In the waning days of the Biden administration, questions swirled about how and whether the Department of Education (ED) might alter—or even erase—the longstanding “Dear Colleague” letter that serves as a guidepost for online program management (OPM) contracts.
In recent weeks, we’ve been asked the same question by a growing number of college leaders and providers: So where did it all land?
The short answer is easy: business as usual. The tuition-share contracting model for OPM relationships was ultimately reaffirmed by the Biden administration. In this blog post, our team takes a deeper dive into the history—and current state—of the Department’s “bundled services” guidance.
Get up to speed
In the final two years of the Biden administration, ED initiated a review of guidance for OPMs, fueling confusion and concern among colleges and universities that utilize such partnerships to launch and expand access to online programs and reach a fast-growing population of “today’s students.”

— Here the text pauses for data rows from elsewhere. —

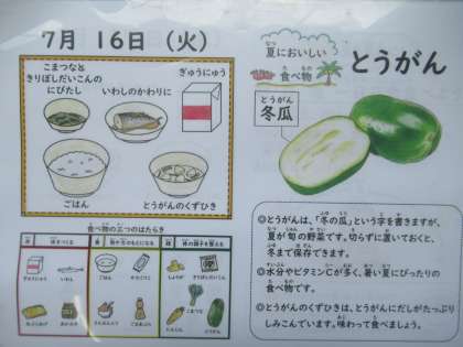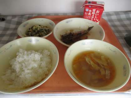 ごはん、牛乳、いわしのかわり煮、小松菜と切干大根の煮びたし、とうがんのくずひき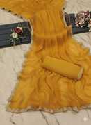 Vraggi Self Design Bollywood Chiffon Saree (Mustard)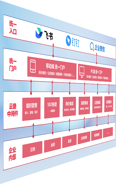 对协作平台提供支持服务,,,支持企业应用与协作平台对接,,,包含组织同步、、消息集成、、待办集成等。。。。支持目前主流的协作平台:钉钉、、、、企微和飞书。。。。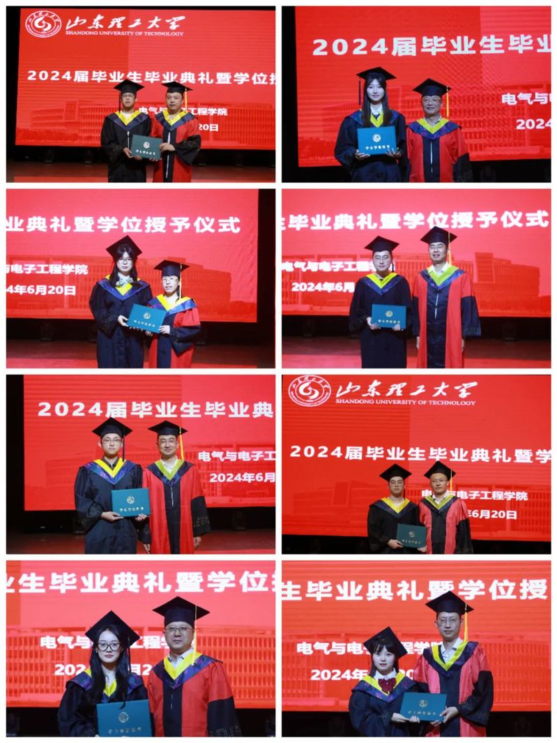 在颁发学位证书环节,毕业生们满怀喜悦与激动,依次上台。各位老师为毕业生们正冠拨苏,授予学位证书。

At the core of the issue was a 2011 “Dear Colleague” letter (DCL) which has informed the work of colleges and universities that rely on tuition-sharing arrangements for more than a decade.

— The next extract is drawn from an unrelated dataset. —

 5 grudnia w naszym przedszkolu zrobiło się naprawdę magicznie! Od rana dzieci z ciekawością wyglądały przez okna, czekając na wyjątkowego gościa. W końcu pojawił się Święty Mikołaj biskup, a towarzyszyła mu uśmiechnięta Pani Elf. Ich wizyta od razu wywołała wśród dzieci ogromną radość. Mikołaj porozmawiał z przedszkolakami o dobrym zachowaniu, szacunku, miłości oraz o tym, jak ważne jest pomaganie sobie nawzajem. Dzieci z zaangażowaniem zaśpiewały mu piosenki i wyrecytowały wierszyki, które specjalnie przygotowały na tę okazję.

In short, the DCL confirmed that tuition-sharing is permissible under federal law, so long as a third-party provider bundled recruitment services with other functions and was unaffiliated with the institution.
The guidance interprets a 1992 statute, passed in the wake of a now infamous report on for-profit colleges, that banned “incentive payments” to “persons or entities” “engaged” in “student recruiting or admissions” activities. Of course, contemporary OPM contracts didn’t exist at the time. And while the accompanying Conference Committee Report made clear that the law was meant only to prohibit payments based solely on enrollment and recruitment, ED’s guidance was welcome news to the growing number of institutions that were innovating to meet learner demand.
What’s a DCL, anyway? A DCL does not establish new law or regulation. It is sub-regulatory guidance, meant to guide institutions in interpreting the law. Ultimately, it is up to institutions to determine what they feel is in compliance with law and regulation. DCLs are meant to guide how the Executive Branch will interpret and implement the law in question.
In 2023 and 2024, concerns about bad actors led to increased pressure on the Biden administration to boost oversight of university contractors, including OPMs.
In response to the increased scrutiny and a 2022 GAO Report, ED launched a formal review of the 2011 guidance and began to accept comments.
The threat of more restrictive regulations never came to pass, calming the waters for institutions and signaling a normalized regulatory (and political) environment for OPMs in years to come.
Instead of a draconian alternative, the outgoing Biden administration issued a new DCL confirming that the statute permits institutions revenue share agreements with third parties that provide recruitment services as long as they bundle recruitment with a package of other services.
While significant, news of the January guidance failed to make headlines, as the presidential election—and potential dismantling of ED—dominated our collective consciousness.
So, what’s in the January letter?
The January DCL effectively reaffirms the 2011 guidance and provides additional clarity and guideposts to safeguard against the risk of misrepresentation by third-party servicers. Among other things, the letter reminds institutions they are responsible for the activities of third parties working on their behalf and focuses on three potential forms of misrepresentation:
- Inaccurately identifying employees of third parties as college employees (e.g., through potentially using university titles or email addresses).
- Inaccurately identifying third-party recruiters or sales representatives as an “academic advisor” or “counselor.”
- Comparing outcomes of online programs managed by third parties as “the same” as campus-based programs.
By building upon the 2011 DCL, the Department further entrenched its tenets in federal policy and provided new clarity to inform the structure of arrangements in response to growing student demand. As former U.S. Department of Education General Counsel Charlie Rose recently wrote: “The Department’s reaffirmation of the March 2011 DCL underscores the federal statutory foundation for IHEs [institutions of higher education] that prefer to use a revenue-share contracting model for building and managing online programs.”
What’s next?
While the Trump Administration is unlikely to prioritize the regulation of OPMs, Congress is seeking to codify the 2011 ’bundled services” guidance into law. North Carolina Rep. Virginia Foxx’s (former Chair of the House Education and Workforce Committee) College Cost Reduction Act (CCRA), which serves as a blueprint for this Congress’ higher education policy priorities, includes language specifically noting the incentive compensation ban does not apply to third parties that i) bundle services, ii) do not provide any incentive compensation to their employees, and iii), is not awarding or disbursing federal aid.
Our March Education Insider survey found that support for such codification may be growing. More than a quarter of insiders believe that such language is likely to pass through the budget reconciliation, up from just 7% who thought that in a similar January survey.